• Material shown:
--------------------------------------------------
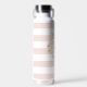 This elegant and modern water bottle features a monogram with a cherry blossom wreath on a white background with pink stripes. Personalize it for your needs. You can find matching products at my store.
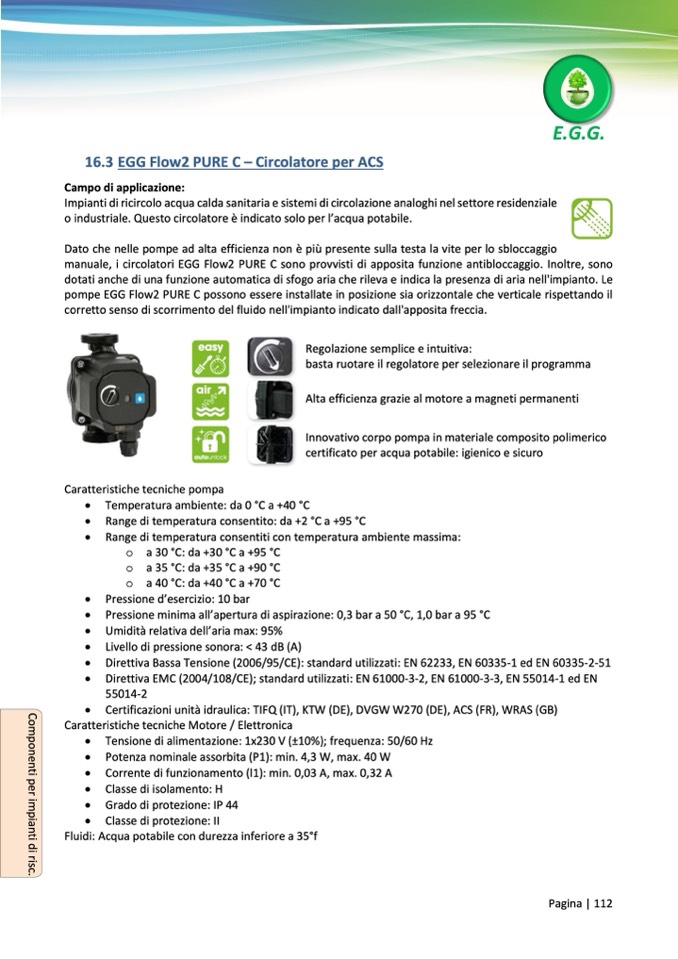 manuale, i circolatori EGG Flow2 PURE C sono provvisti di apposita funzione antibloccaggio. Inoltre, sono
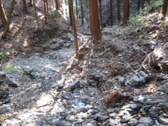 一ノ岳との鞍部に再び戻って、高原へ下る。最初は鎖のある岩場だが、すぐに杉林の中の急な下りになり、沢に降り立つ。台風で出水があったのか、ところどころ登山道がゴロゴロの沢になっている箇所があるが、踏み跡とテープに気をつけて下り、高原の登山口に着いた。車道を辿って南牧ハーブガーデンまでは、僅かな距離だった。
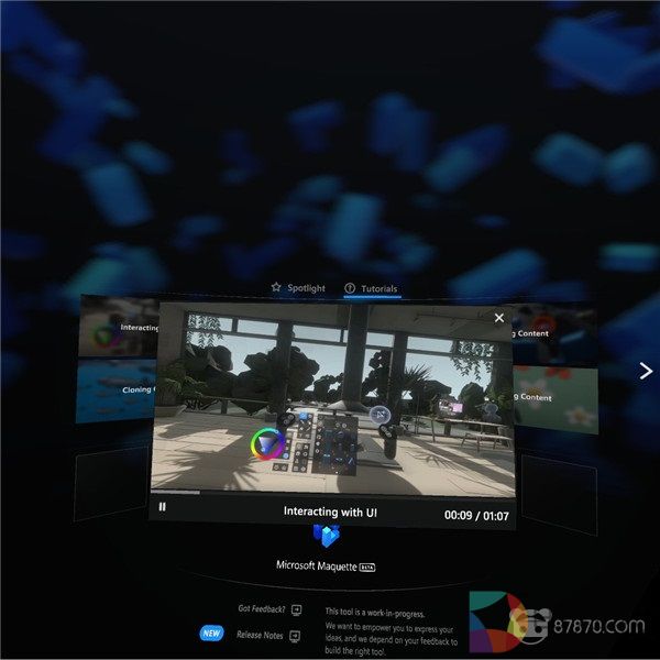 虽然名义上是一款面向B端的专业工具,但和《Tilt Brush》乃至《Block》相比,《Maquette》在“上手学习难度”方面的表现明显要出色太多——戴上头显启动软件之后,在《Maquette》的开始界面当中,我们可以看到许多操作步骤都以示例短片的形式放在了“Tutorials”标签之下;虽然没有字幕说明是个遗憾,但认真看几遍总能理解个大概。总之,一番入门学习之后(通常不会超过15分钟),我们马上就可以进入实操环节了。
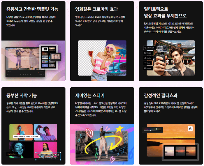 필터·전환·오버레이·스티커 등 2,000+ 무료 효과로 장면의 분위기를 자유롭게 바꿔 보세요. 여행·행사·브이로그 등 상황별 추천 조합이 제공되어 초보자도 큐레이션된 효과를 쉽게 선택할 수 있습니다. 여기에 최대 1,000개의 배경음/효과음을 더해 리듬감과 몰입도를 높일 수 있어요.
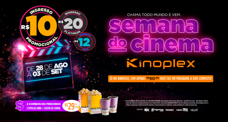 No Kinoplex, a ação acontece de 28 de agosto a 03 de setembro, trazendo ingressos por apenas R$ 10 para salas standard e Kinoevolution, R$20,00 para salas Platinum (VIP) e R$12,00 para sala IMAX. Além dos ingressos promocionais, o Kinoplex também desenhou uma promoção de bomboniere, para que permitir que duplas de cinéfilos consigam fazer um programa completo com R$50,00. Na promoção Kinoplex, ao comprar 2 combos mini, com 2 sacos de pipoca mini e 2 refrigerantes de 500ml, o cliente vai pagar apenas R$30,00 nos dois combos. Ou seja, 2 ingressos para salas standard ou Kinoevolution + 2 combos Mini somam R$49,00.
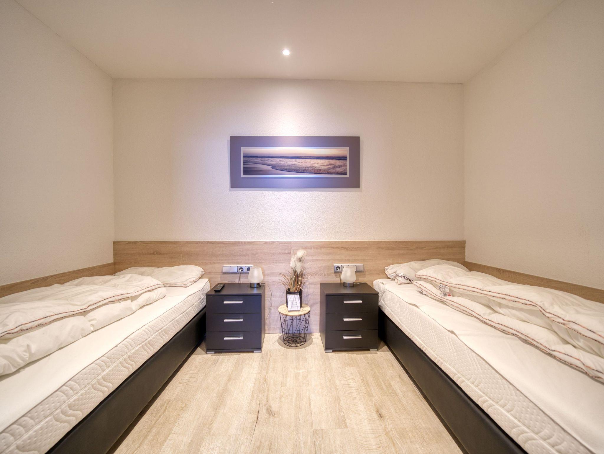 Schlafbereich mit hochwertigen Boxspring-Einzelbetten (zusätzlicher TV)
--------------------------------------------------
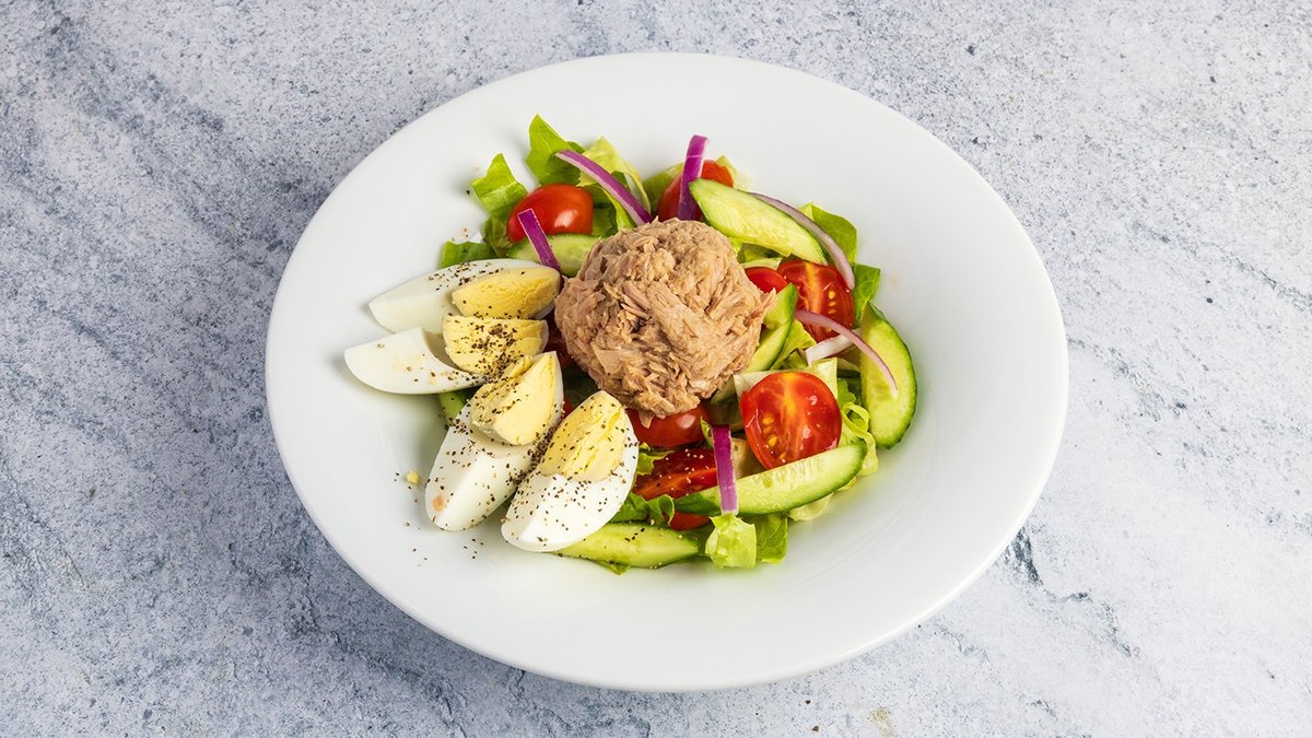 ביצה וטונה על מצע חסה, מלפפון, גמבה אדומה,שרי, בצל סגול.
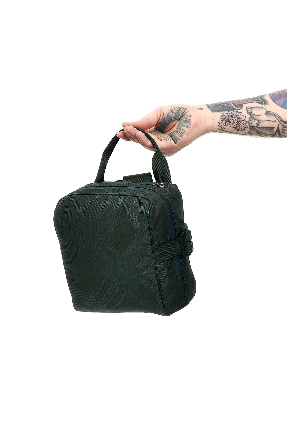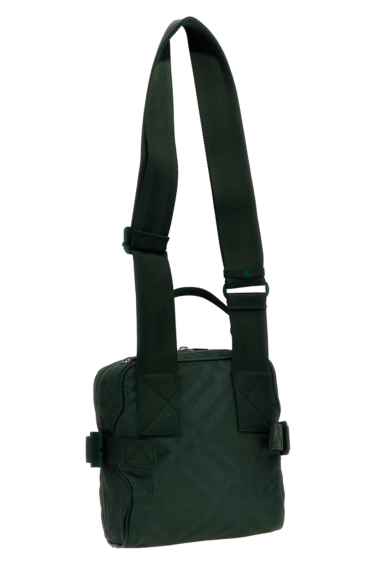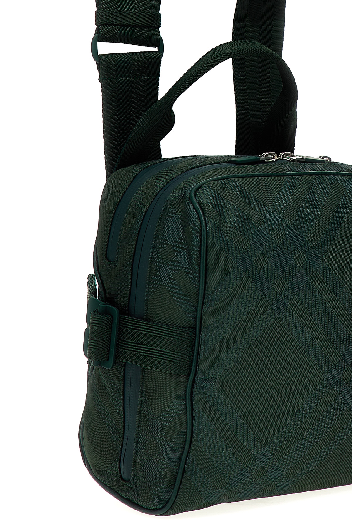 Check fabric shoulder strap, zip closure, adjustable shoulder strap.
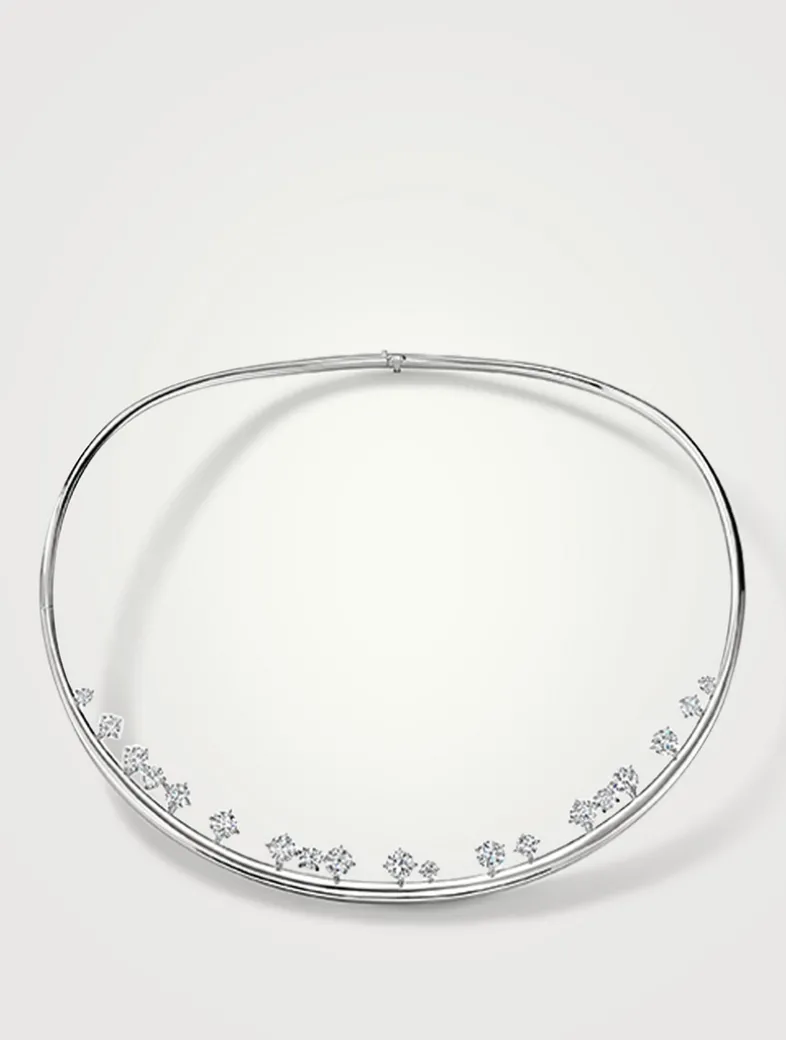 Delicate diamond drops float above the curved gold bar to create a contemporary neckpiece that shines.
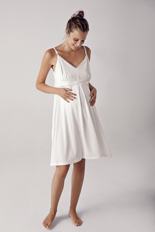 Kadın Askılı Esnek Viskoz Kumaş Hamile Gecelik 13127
--------------------------------------------------
• Requirement: Transcribe only this stretch of the data: the line with "Delicate diamond drops", the line with "Kadın Askılı Esnek", and every line in between. Leave out the pictures.

• Task solution:
 Delicate diamond drops float above the curved gold bar to create a contemporary neckpiece that shines.
 Kadın Askılı Esnek Viskoz Kumaş Hamile Gecelik 13127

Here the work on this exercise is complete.